The idea seems clear to me - let's if I am able to write it out:
in Python, variables are not themselves in a fixed memory position, referencing whatever is placed in that memory position, as happen with static languages. Neither do they directly "contain a reference (pointer) to an object in memory". What happens is that they contain this reference indirectly, and how this indirection occurs depend on the variable kind. (read to the end)
First, let's understand that without the "intermediate" cell object, an assignment to the x
variable in the inner scope would simply change the object x
is pointing too - and this value alteration would never be known to the x
in the outer scope: it would simply keep referencing the previous object.
What takes place for nonlocal variables is that the compiler generated bytecode will read and write values to the cell object, so that the value is always in sync in all variables that share that same variable. But for the code using those values, in the Python source, it is completely transparent: the bytecode will always be built to load and set the value to the cell - whereas for a plain, non-used in an inner scope variable, different bytecode is emitted, which will save the vale of a given variable in a different area (fast-locals, or globals).

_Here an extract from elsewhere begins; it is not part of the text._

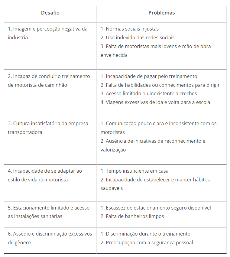De acordo com o estudo, existem seis desafios principais para as mulheres no setor de transportes, que podem ser vistas no quadro abaixo:

So, still in other words: there are 3 fundamentally different variable types in Python, and the compiler knows(*), at compile time, which kind a given variable is - and it will emit different bytecode for each kind. Nonlocal variables get bytecode which uses the cell
object (as if it were a memory position in a static language) to store the value for themselves. ((*) - If there is ambiguity at compile time towards the type of a variable, the compiler will simply error out. Although there are legacy bytecode instructions which will search a variable by name in all valid scopes, I don't think code in Python 3.11 generate those anymore.)
Illustrating the example from the second paragraph above - check this code:
def a():
x = 1
def c():
nonlocal x
x = 2
c()
print(x)
If the x
s would simply "point to a value", when it is changed to 2
in the inner function c
, would have no way to know the value had changed.
Look at the final part of the disassembled code for a
:
7 38 LOAD_GLOBAL 1 (NULL + print)
50 LOAD_DEREF 1 (x)
52 PRECALL 1
56 CALL 1
And compare it for the same code when the inner function does not use a variable from a
:
In [4]:
...: def a():
...: x = 1
...: def c():
...: y = 2
...: c()
...: print(x)
...
7 32 LOAD_GLOBAL 1 (NULL + print)
44 LOAD_FAST 0 (y)
46 PRECALL 1
50 CALL
As I stated above, Python uses a different opcode strategy: LOAD_DEREF
vs LOAD_FAST
in both cases: the "DEREF" opcodes are the ones that will store a value to and retrieve them from a Cell object. The fact that we can inspect and have access to Cell objects from Python code is actually almost a "luxury" - and the language would work just the same if it were completely opaque.
As for your preoccupations about reference counting, we get to the final part of this: the "x" name, as you can see, exists only in the source code. In the first case above, there is only one reference to the value that will be retrieved whenever we make use of the x
variable: the object that is referenced by the cell. This can make one's head spin around, actually: Python variables do not "exist" when the programming is in execution - they "exist" only at the points where a value is stored or retrieved from them - and at these points, the compiler emits the appropriate bytecode to store or retrieve that value from the appropriate container. For global variables, that container is the modules globals()
dictionary (with a fallback to the builtins
module). For local variables it will usually be a slot in the current Frame, used by the LOAD_FAST
and STORE_FAST
(the containts of theses slots are mirrored to a locals()
dictionary whenever needed), and for non-local variables, or variables that are shared with inner scopes, the container is a Cell object.
The final result of all this if that a variable "x" used in a closure like above will behave like it is the same variable, and count just as one reference to its value, even if there are several inner functions using the same cell. While, if at any point we create a second variable, and do y = x, whatever is the type of
y(local to the outer or any of the inner functions, nonlocal or global) a second reference to the value of
xis created and placed in the appropriate container for
y`. It works as if by magic, but it is just some logic design.